INFORMATION PROVIDED section start

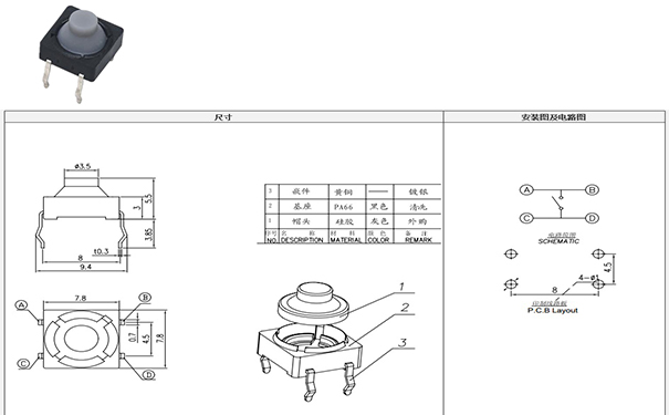 4.5x4.5輕觸開關電路圖
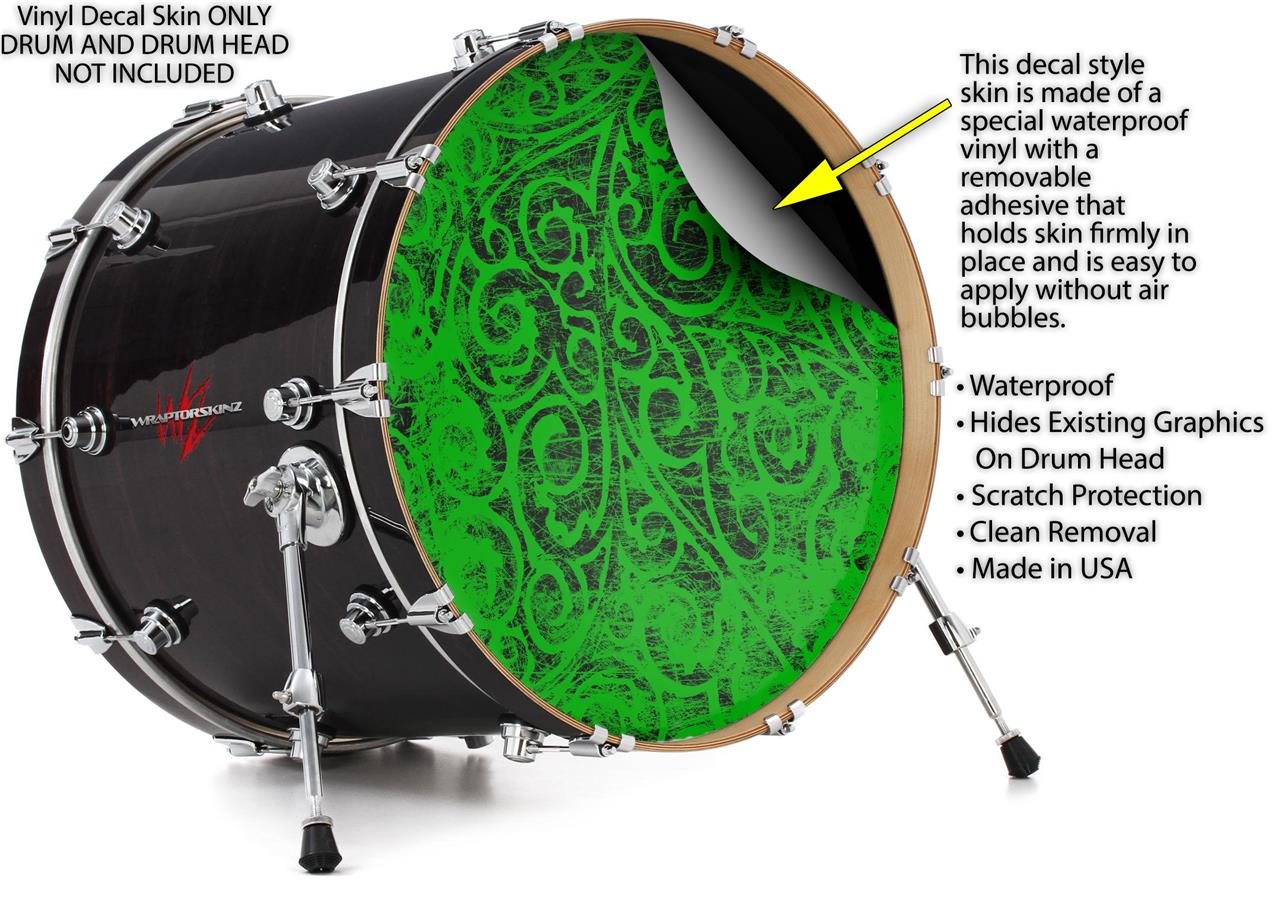 Decal Skin works with most 24" Bass Kick Drum Heads Folder Doodles Green - DRUM HEAD NOT INCLUDED
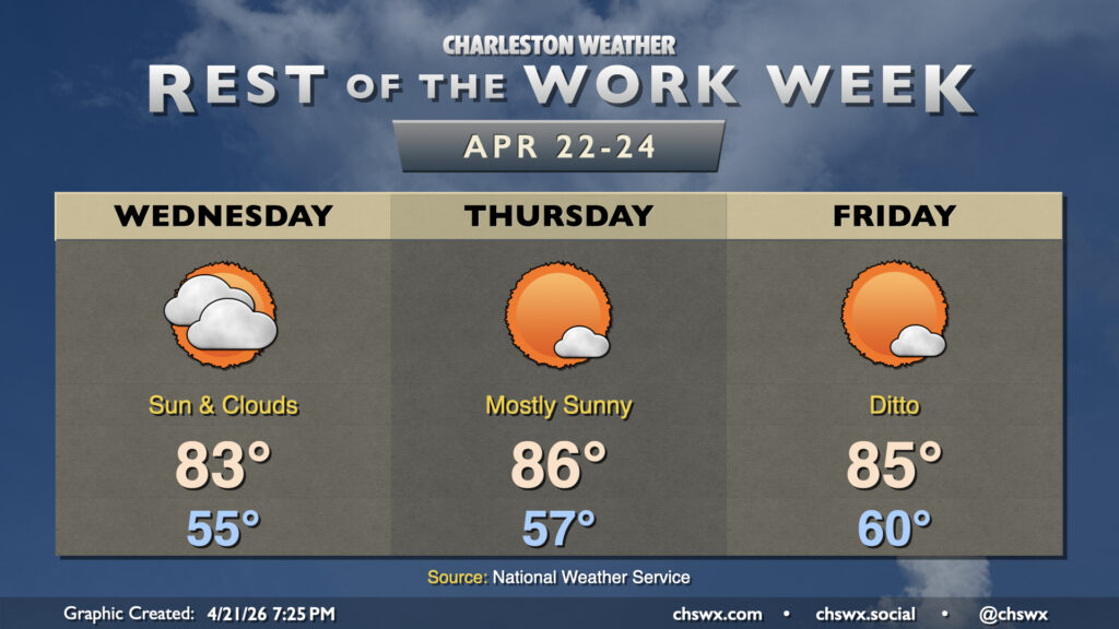 After a couple cooler days, the 80s return to the Lowcountry starting Tuesday and lasting well into the beginning of April. High pressure remains the main weather feature, keeping us generally on the quiet side. A southerly breeze around 5-10 MPH will be common, especially as we get into the afternoon. Thankfully, some higher dewpoints will also continue to put a dent in the fire danger.
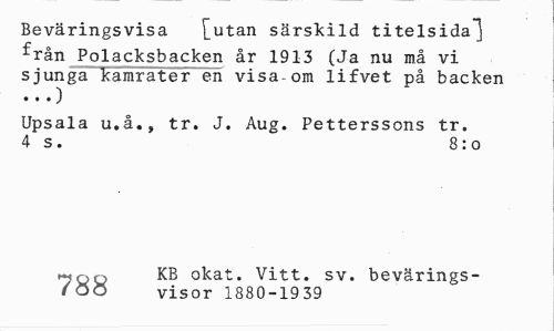//// Beväringsvisa [utan särskild titelsida"] //// från Polacksbacken år 1913 (Ja nu må vi sjunga kamrater en visa-om lifvet på backen //// Upsala u.å., tr. J. Aug. Petterssons tr. 4 s. 8:0 //// ^00 KB okat. Vitt. sv. bevärings- //// lOÖ visor 1880-1939 ////
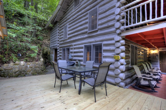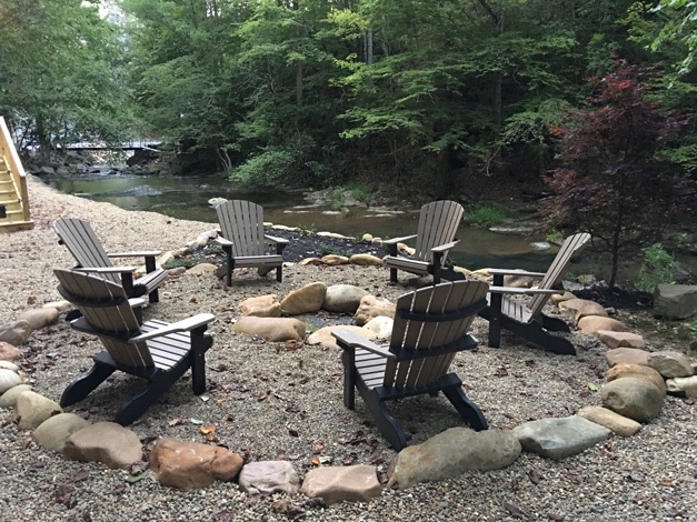 Ample outdoor seating includes rocking chairs, a picnic table, and a charcoal BBQ—ideal for creekside meals or morning coffee. Inside, enjoy modern comforts like A/C, cable, Wi‑Fi, and an electric fireplace.

INFORMATION PROVIDED section end

The output should hold only the lines from the one containing "visor 1880-1939 ////" through the last line of the listing, reproduced exactly, pictures omitted.

OUTPUT FOR THIS TASK:
//// Beväringsvisa [utan särskild titelsida"] //// från Polacksbacken år 1913 (Ja nu må vi sjunga kamrater en visa-om lifvet på backen //// Upsala u.å., tr. J. Aug. Petterssons tr. 4 s. 8:0 //// ^00 KB okat. Vitt. sv. bevärings- //// lOÖ visor 1880-1939 ////
 Ample outdoor seating includes rocking chairs, a picnic table, and a charcoal BBQ—ideal for creekside meals or morning coffee. Inside, enjoy modern comforts like A/C, cable, Wi‑Fi, and an electric fireplace.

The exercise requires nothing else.